(Stored items)
>>>>

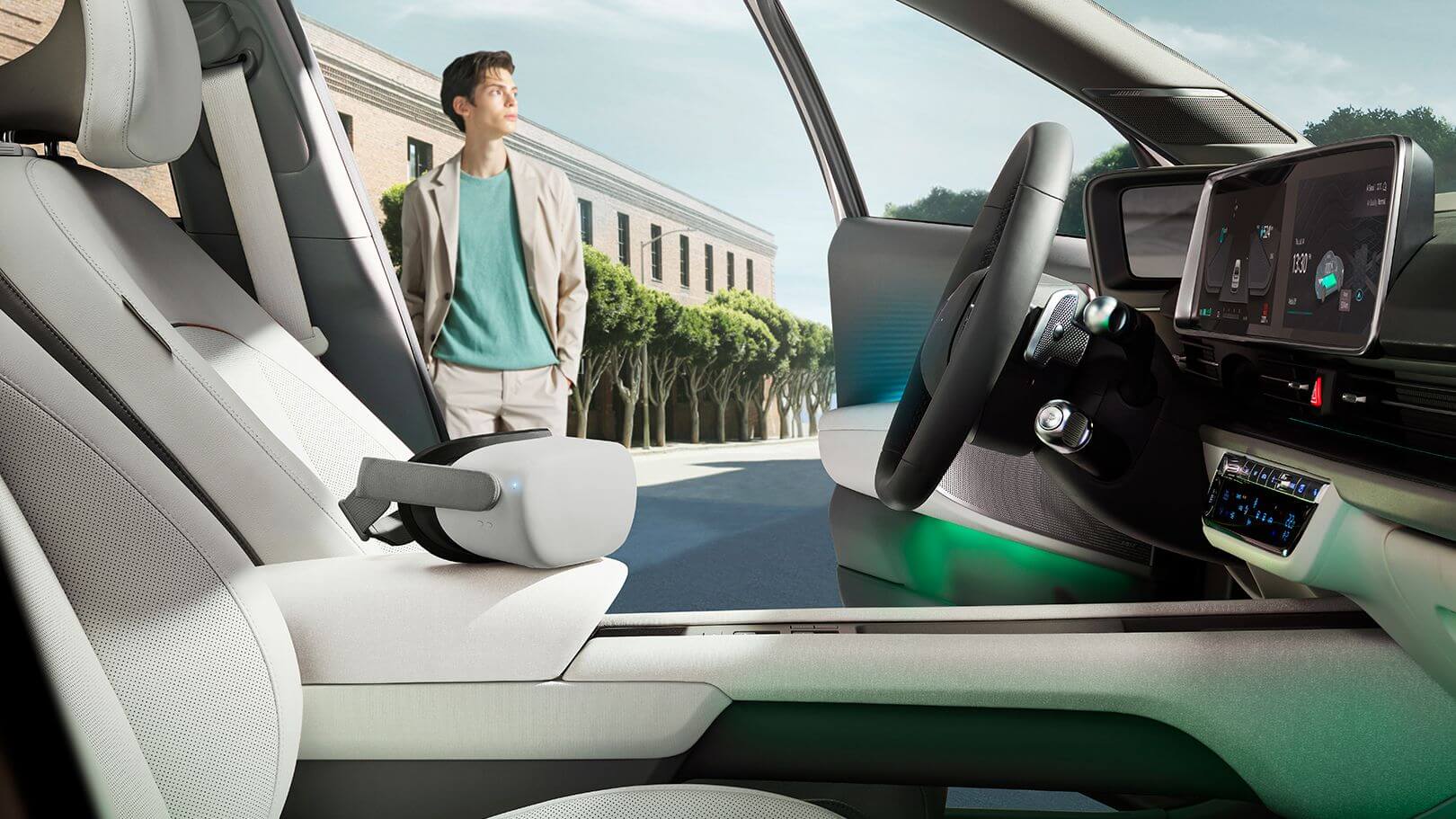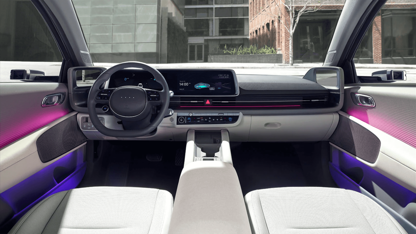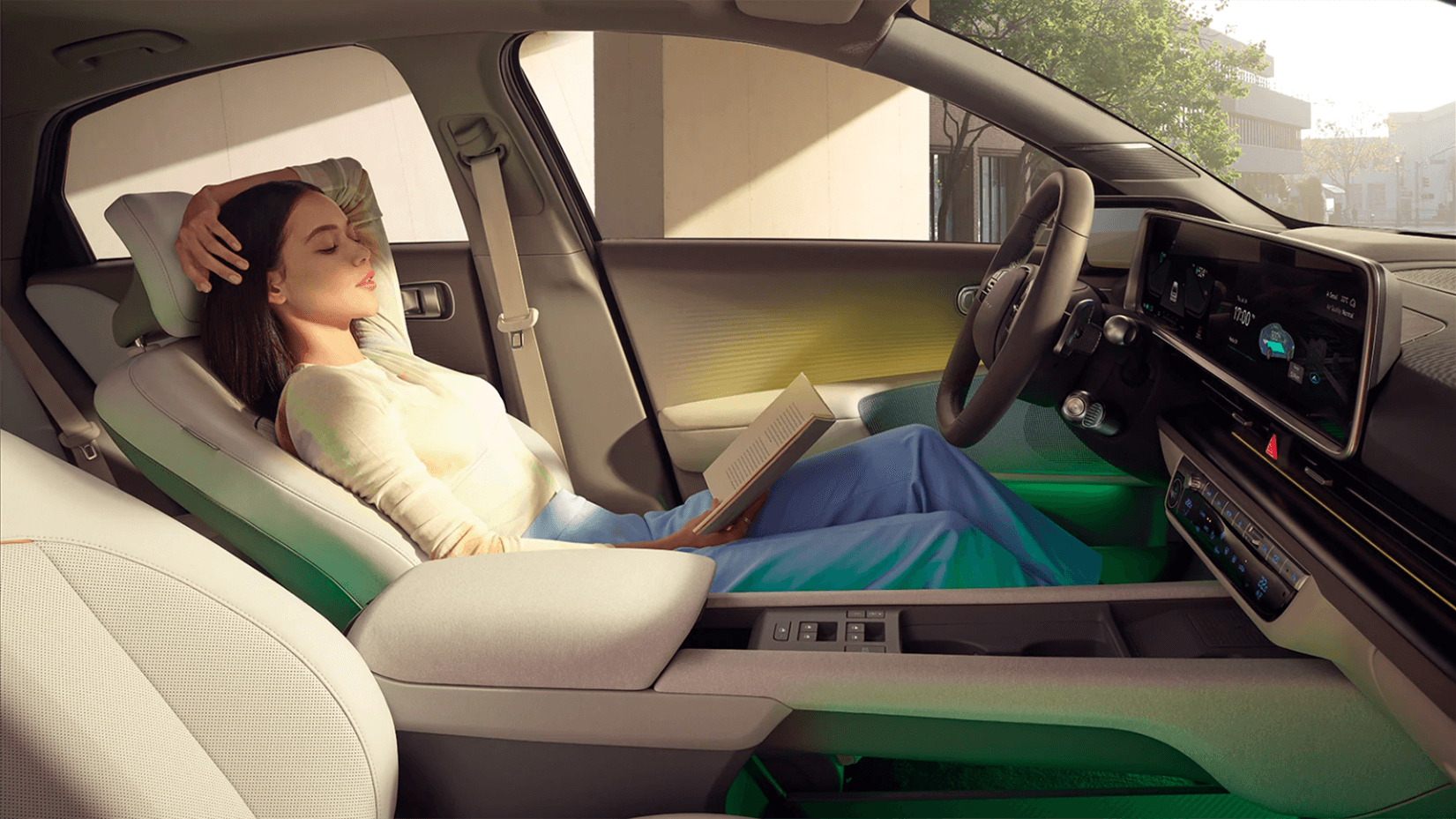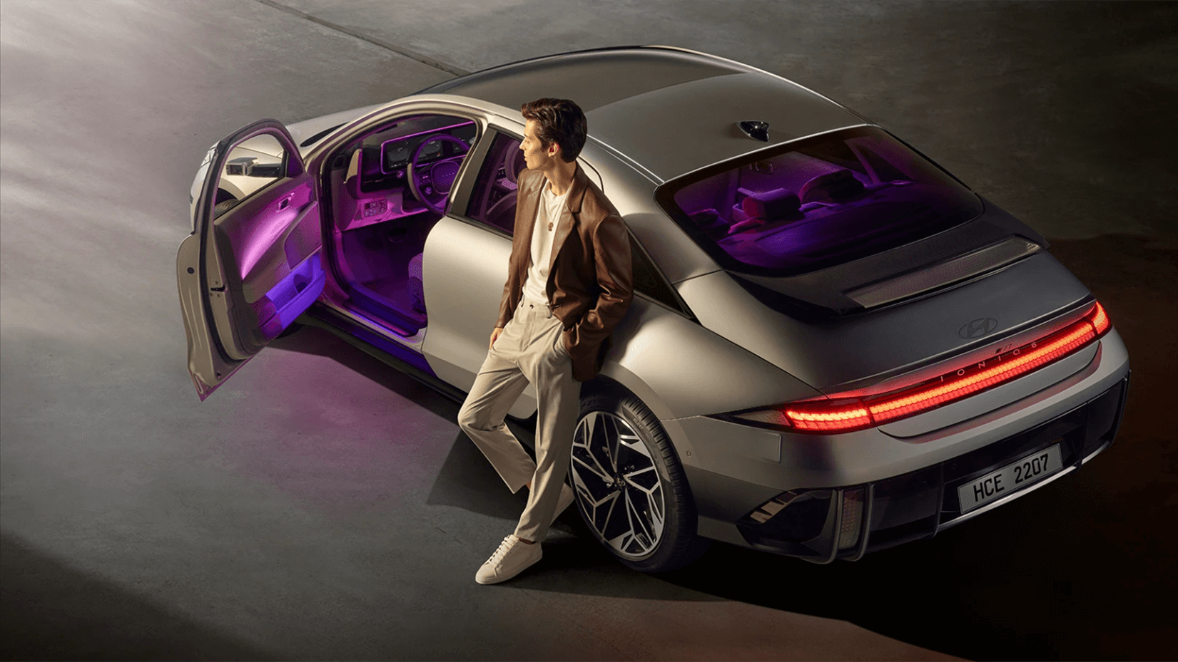 Discover a new level of personalised comfort. IONIQ 6’s cocoon-shaped interior provides you with a whole new in-car experience. Our new EV platform has enabled our designers to stretch the interior for optimised legroom and spaciousness. And the Dual Color Ambient Lighting harmonises with transparent materials for a relaxed and comfortable vibe that you can change to suit your mood.
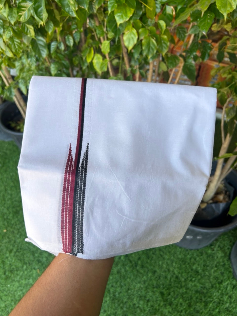 DMK VESHTI SHORT DHOTHI - DMK Veshti - 20% DISCOUNT! KaithariKada Balaramapuram 100% Cotton Double PURE WHITE Mundu/Dhoti-100x100 - 1.25 inch & 46 inches Height Puliyilakkara MAROON & BLACK Striped Chutty Kara- 13KK5146ASH
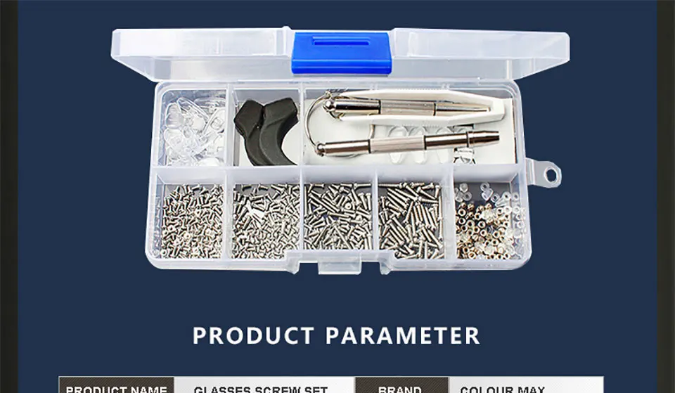 Посылка включает:Прибл. Набор винтов 400 шт.2 отвертки micro 3 в 11 пинцет1 пара Противоскользящих ушных крючков10 пар универсальных носоупоров1 салфетка для очистки из микрофибры1 Прозрачная Коробка для хранения
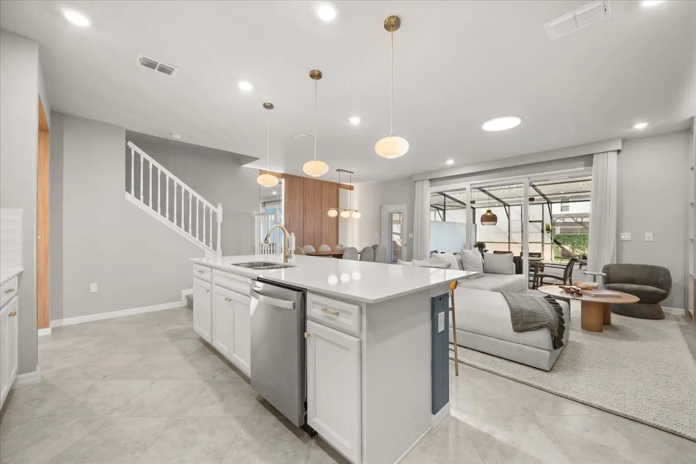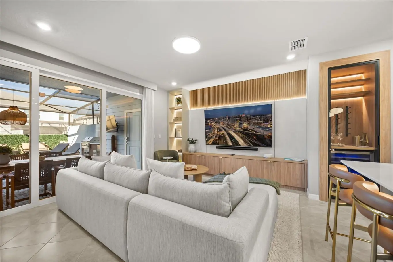 A sala de estar, a sala de jantar e a cozinha americana formam um espaço aberto e convidativo, ideal para reunir todos e compartilhar momentos únicos. O projeto de interiores valoriza o conforto e o design.
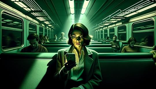 generate a 16:9 photorealistic image of a woman called Dany on a train. She is looking at her Apple mobile phone with an alarmed expression. The train compartment is lit by a cold, greenish light and the mood is foreboding
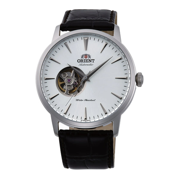 In the realm of timeless elegance, the ORIENT AG02 Open Heart watch stands as a testament to classic sophistication. Crafted with precision, this masterpiece from the ORIENT Classic family captures the essence of refined design. Its round, silver-grey case, with a diameter of 41mm, exudes a subtle yet commanding presence on the wrist. The light grey dial, adorned with a captivating open-heart feature, offers a glimpse into the intricate mechanical movement that powers this timepiece. With 22 jewels and a caliber of F6T22, it promises accuracy and reliability, boasting a daily precision of +25/-15. The transparent back reveals the artistry within, a true delight for watch enthusiasts. Encased in mineral crystal, the watch is water-resistant up to 50 meters, ensuring durability without compromising on style. The black leather band, secured with a tang buckle, complements the watch's classic aesthetic, making it a perfect companion for the modern gentleman. The pull & push crown adds a touch of practicality, while the automatic and hand-wound features offer versatility for any occasion. This ORIENT watch is not just a timekeeping device, it's a statement of elegance and tradition, a piece that transcends trends and stands the test of time.

<<<<

Prompt → Although the records above include pictures, the copy must contain only their exact text.

Finished task →
 Discover a new level of personalised comfort. IONIQ 6’s cocoon-shaped interior provides you with a whole new in-car experience. Our new EV platform has enabled our designers to stretch the interior for optimised legroom and spaciousness. And the Dual Color Ambient Lighting harmonises with transparent materials for a relaxed and comfortable vibe that you can change to suit your mood.
 DMK VESHTI SHORT DHOTHI - DMK Veshti - 20% DISCOUNT! KaithariKada Balaramapuram 100% Cotton Double PURE WHITE Mundu/Dhoti-100x100 - 1.25 inch & 46 inches Height Puliyilakkara MAROON & BLACK Striped Chutty Kara- 13KK5146ASH
 Посылка включает:Прибл. Набор винтов 400 шт.2 отвертки micro 3 в 11 пинцет1 пара Противоскользящих ушных крючков10 пар универсальных носоупоров1 салфетка для очистки из микрофибры1 Прозрачная Коробка для хранения
 A sala de estar, a sala de jantar e a cozinha americana formam um espaço aberto e convidativo, ideal para reunir todos e compartilhar momentos únicos. O projeto de interiores valoriza o conforto e o design.
 generate a 16:9 photorealistic image of a woman called Dany on a train. She is looking at her Apple mobile phone with an alarmed expression. The train compartment is lit by a cold, greenish light and the mood is foreboding
 In the realm of timeless elegance, the ORIENT AG02 Open Heart watch stands as a testament to classic sophistication. Crafted with precision, this masterpiece from the ORIENT Classic family captures the essence of refined design. Its round, silver-grey case, with a diameter of 41mm, exudes a subtle yet commanding presence on the wrist. The light grey dial, adorned with a captivating open-heart feature, offers a glimpse into the intricate mechanical movement that powers this timepiece. With 22 jewels and a caliber of F6T22, it promises accuracy and reliability, boasting a daily precision of +25/-15. The transparent back reveals the artistry within, a true delight for watch enthusiasts. Encased in mineral crystal, the watch is water-resistant up to 50 meters, ensuring durability without compromising on style. The black leather band, secured with a tang buckle, complements the watch's classic aesthetic, making it a perfect companion for the modern gentleman. The pull & push crown adds a touch of practicality, while the automatic and hand-wound features offer versatility for any occasion. This ORIENT watch is not just a timekeeping device, it's a statement of elegance and tradition, a piece that transcends trends and stands the test of time.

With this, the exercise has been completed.